For decades, “private credit” was synonymous with rigid structures and standardized term loans with fixed covenants that resembled off-the-shelf products. That’s changing. Today, what’s broadly known as private debt – which includes middle-market leveraged buyout (LBO) lending, asset-based lending, and venture debt – is emerging as a flexible capital solution, designed to reflect how individual companies actually operate, scale, and weather uncertainty.
Much of the growth in private credit has come from middle-market lending that shifted from banks to non-bank institutions in the years since the financial crisis. But within that broader transformation, venture debt has quietly become one of the most important tools for founders by providing capital that complements equity rather than takes it.
The timing of this shift comes down to several key factors. Equity markets remain tight while venture capital sentiment is cautious, and fundraising cycles have stretched. IPOs are scarce, M&A exits are muted, and many venture funds are struggling to raise fresh capital amid these conditions. Founders are understandably reluctant to raise equity at down-round valuations that heavily dilute ownership, yet unpredictable cash flows and market volatility make growth capital as necessary as ever. Into this gap has stepped a new generation of venture debt and private credit providers, offering bespoke structures aligned with business realities.
Consider OrbiMed’s recent $1.86 billion royalty and credit fund, which highlights the scale of investor appetite for customized debt in life sciences. Or take a $20 million facility designed for Swing Education that blended a first-lien loan with a revolving line of credit structured specifically around the company’s cash cycle. These examples underscore the broader trend: the “one-size-fits-all” model of credit is being replaced by revenue-based financing, hybrid debt-equity instruments, revolving facilities, and milestone-based drawdowns. For founders, this means capital that flexes with the business rather than forcing the company to contort to rigid terms.

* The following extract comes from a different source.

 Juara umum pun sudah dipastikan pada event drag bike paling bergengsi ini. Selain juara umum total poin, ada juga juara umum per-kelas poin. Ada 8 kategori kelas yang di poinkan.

Venture debt is especially valuable in new-age industries with varied revenue profiles. Take a biotech company, for example, which could choose to finance late-stage clinical trials with structured loans. Alternatively, a SaaS platform could secure a unitranche facility to support global expansion. Even non-venture-backed businesses, such as family-owned enterprises or subsidiaries of larger corporations, are increasingly turning to private debt to fuel growth without sacrificing ownership.

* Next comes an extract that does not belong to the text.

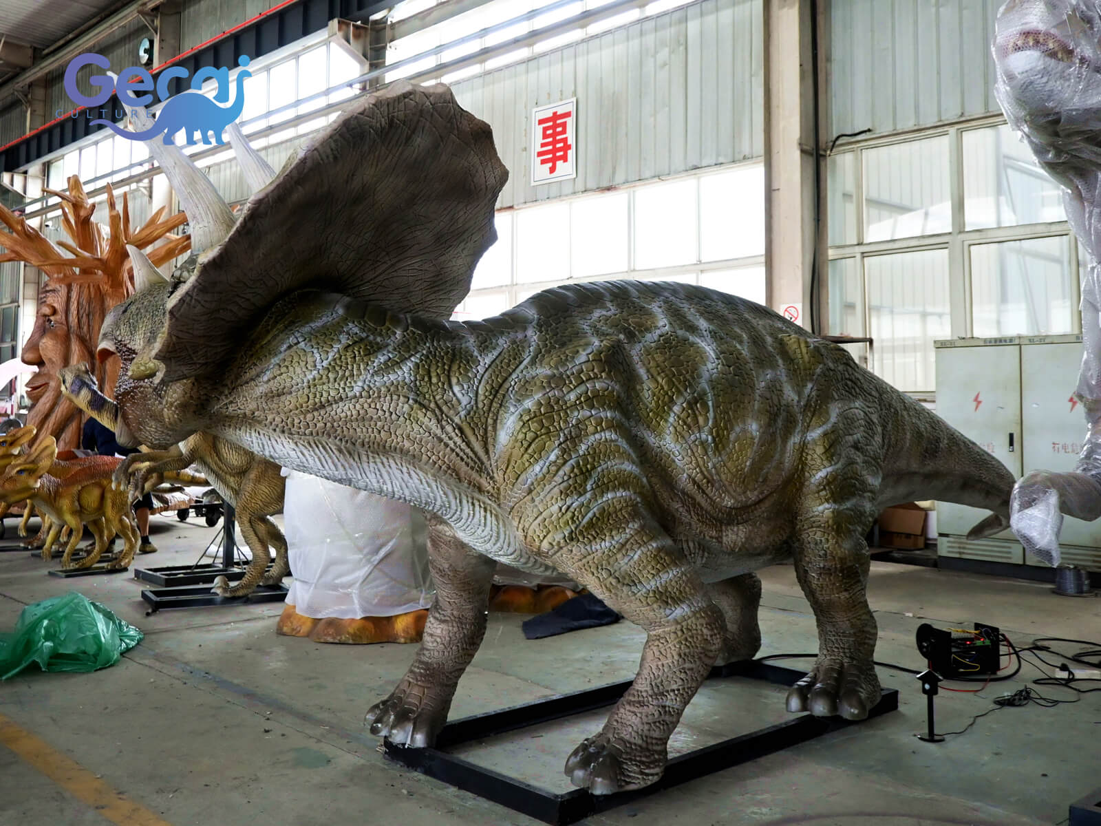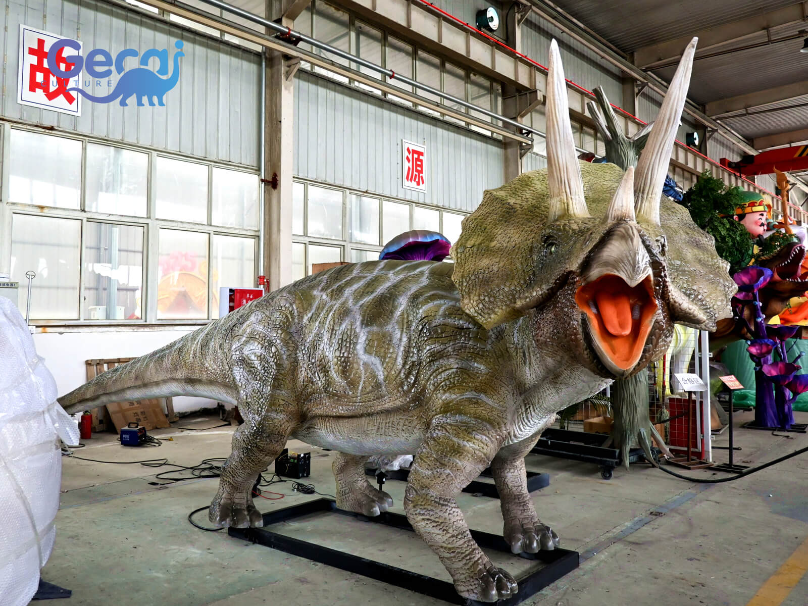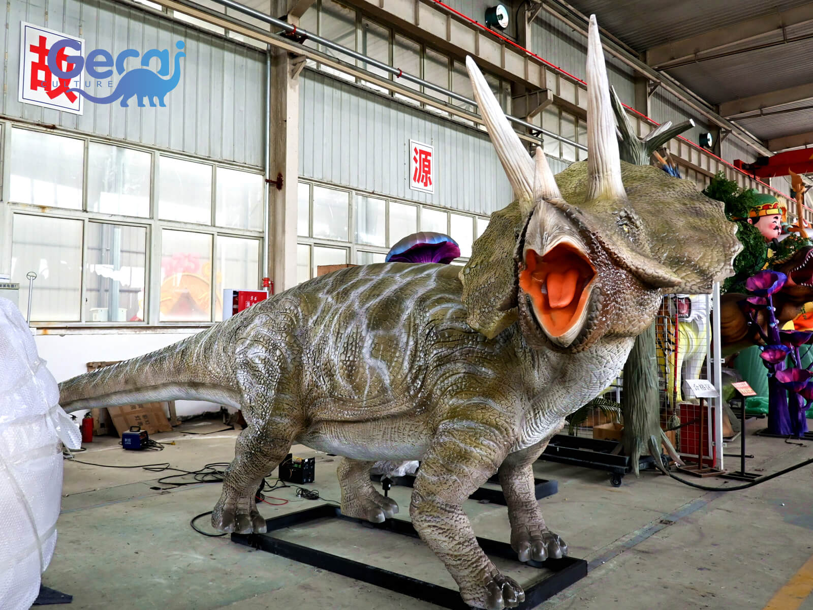 The Dinosaur Park Animatronic Triceratops Statue is a lifelike and dynamic recreation of the iconic three-horned dinosaur. Designed with meticulous detail, this animatronic statue features realistic movements and sounds, bringing the prehistoric creature to life.

The real flexibility of venture debt lies in alignment. A lender with rigid tendencies and terms can quickly become a liability at the first sign of concern; however, an adaptable financing structure, paired with a patient and seasoned lending partner, helps companies navigate volatility and emerge stronger. Diverse options and tailored outcomes may explain why many late-stage companies are exploring venture debt alongside, or even in place of, dilutive equity. Flexibility in structure gives founders a chance to maintain control without diluting ownership, and make financing work in support of their vision, rather than adjusting their strategy to fit the constraints of capital.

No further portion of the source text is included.